Sì, ma anche il cinema non è immune dalla propaganda. Già all’inizio del Novecento, registi come Eisenstein lavoravano con immagini ideologiche. Più recentemente ho montato Between Revolutions di Vlad Petri, costruito prevalentemente con materiali d’archivio dall’Iran post-rivoluzionario: film prodotti come propaganda di Stato, formalmente impeccabili ma totalmente falsi. Anche il cinema, con la sua “serietà”, può ingannare più di un video su TikTok.

(Lo stesso ci ha raccontato il regista indonesiano Garin Nugroho in questa intervista.)

Negli ultimi anni hai lavorato spesso a film con temi politici o sociali. È una scelta etica o artistica?

Entrambe le cose. Da quindici anni cerco di orientarmi verso progetti che affrontano questioni politiche o sociali. Mi fa stare meglio, dà un senso diverso, più importante, al mio lavoro. Non sono d’accordo con molte posizioni diffuse nel mio Paese – sull’Unione Europea, sulle minoranze etniche o sessuali, sulla Chiesa – e credo che il mio modo di partecipare al dibattito, oltre al voto, sia anche questo: lavorare su film che riflettono la realtà e la criticano.

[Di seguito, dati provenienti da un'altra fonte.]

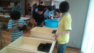 宿舎にいます。お昼ご飯で使った弁当箱を片付けています。15:15
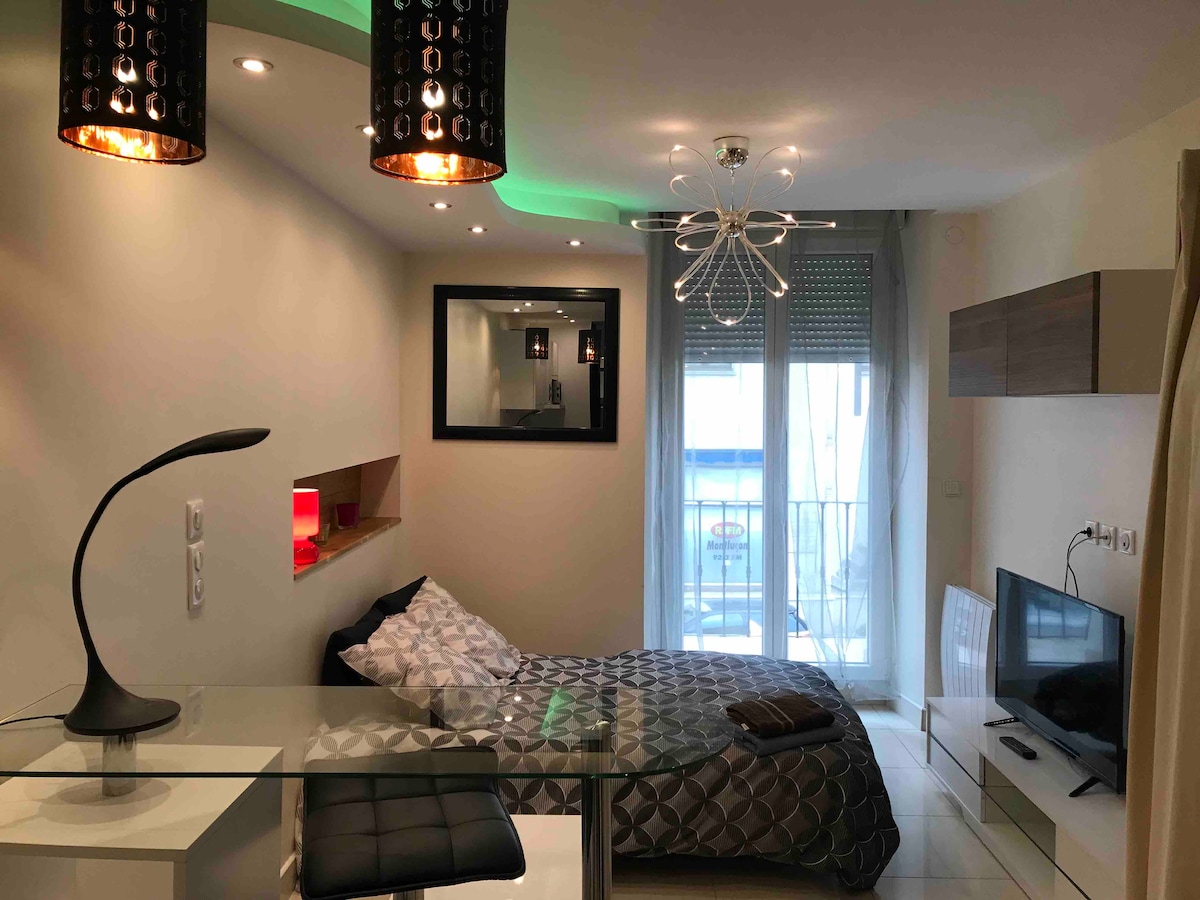 Elégant studio de 32 m2 rénové en Mars 2024 Entièrement équipé pour accueillir dans les meilleures conditions les locataires,situé au rdc d un petit immeuble. Les atouts : - Entrée autonome à partir de 14H et place de parking devant l'appt - Smart TV/ Wifi (gratuit),cuisine équipée -linge de literie (draps,serviettes)inclus - Café et thé inclus, comme à la maison ! -lit double S’il n'y a plus de dispo sur cet appartement consultez nos autres appartements.
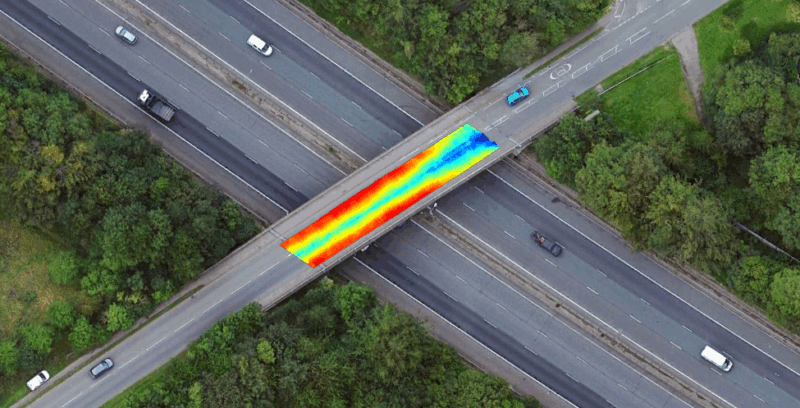 Sometimes we make complex jobs look easy. When asked to survey twenty five live bridges along the M40 corridor for variations in surface material thicknesses and potential signs of structural deterioration, we successfully completed the job in just two days. Using our Ultra-Wide Band High Density Array Ground Probing Radar (UWB HDAGPR) system, supplied by Kontur, all survey works were carried out in live traffic without the need for traffic management. This step frequency radar works in the frequency domain rather than the time domain, and can look into deep as well as thin materials. The system is positioned in real time using a Total Station or RTK GPS and is mounted on a van. Simply by driving back and forth across each bridge, the full carriageway width is covered, allowing anomalies and surfacing material thicknesses to be quickly assessed.
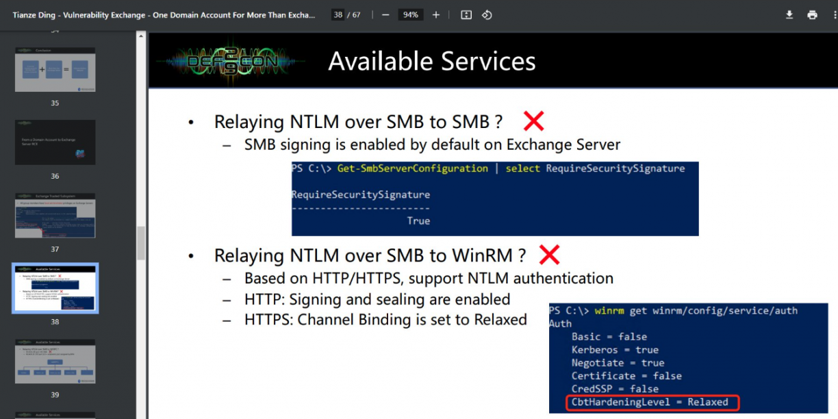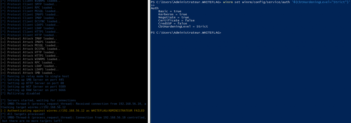 This is quite interesting because the paper says that relay to WinRMS should not work, even thought it also says that Channel Binding (CBT) is set to “Relaxed” in the WinRM configuration. However, Channel Binding, which is used to protect NTLM authentication by binding it to a TLS session, can be configured with one of the following three values:
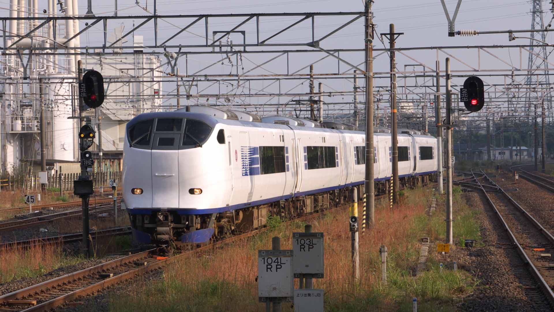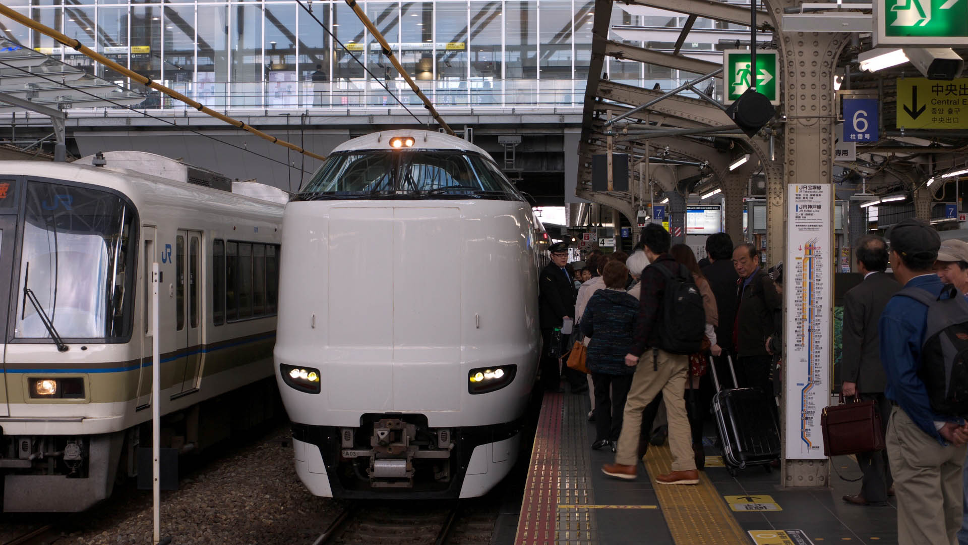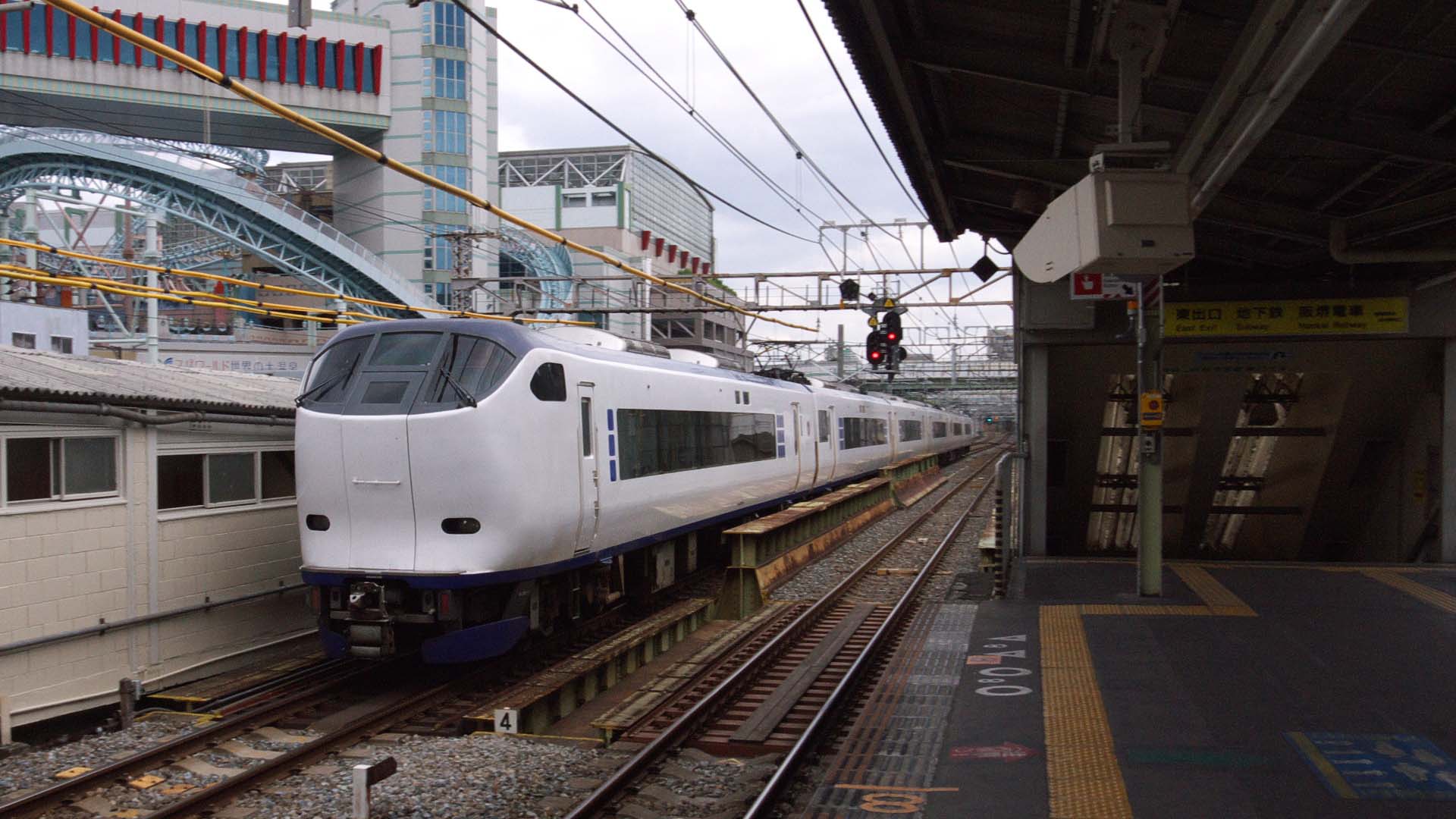 | 特急 はるか (281系) 1994年9月4日に開港した関西国際空港へのアクセス列車の1つとして運転を開始した。米原駅では朝に下り・夜に上りが発着している |

Bad Luck Banging or Loony Porn

Bad Luck Banging or Loony Porn (Radu Jude, 2021)

In questo senso, hai collaborato con molti protagonisti del cosiddetto “Nuovo Cinema Romeno”. Come vede oggi la situazione del cinema nel tuo Paese?

Direi che non è ancora maturo. Ci sono stati film importanti negli ultimi decenni, ma non parlerei di una vera e propria “scuola”. Più che un movimento, sono stati incontri felici, coincidenze fortunate. Siamo solo all’inizio di un percorso, che dovrà ramificarsi sempre di più.

C’è un film che consideri una svolta nella tua carriera o nel tuo modo di lavorare?

Più che un singolo titolo, direi che tutto è iniziato nella Cinemateca di Bucarest, dove ho scoperto i classici: il cinema sovietico, il Neorealismo italiano, la Nouvelle Vague. Ma le influenze non vengono solo dal cinema. Anche la letteratura, la musica o la storia possono insegnare il ritmo, la composizione, la struttura. È importante guardare, leggere, ascoltare tutto: la cultura è un insieme, non una specializzazione, si impara il montaggio anche così.

In un mondo saturo di immagini, quale ruolo può avere ancora un cinema impegnato nel risvegliare empatia e coscienza critica?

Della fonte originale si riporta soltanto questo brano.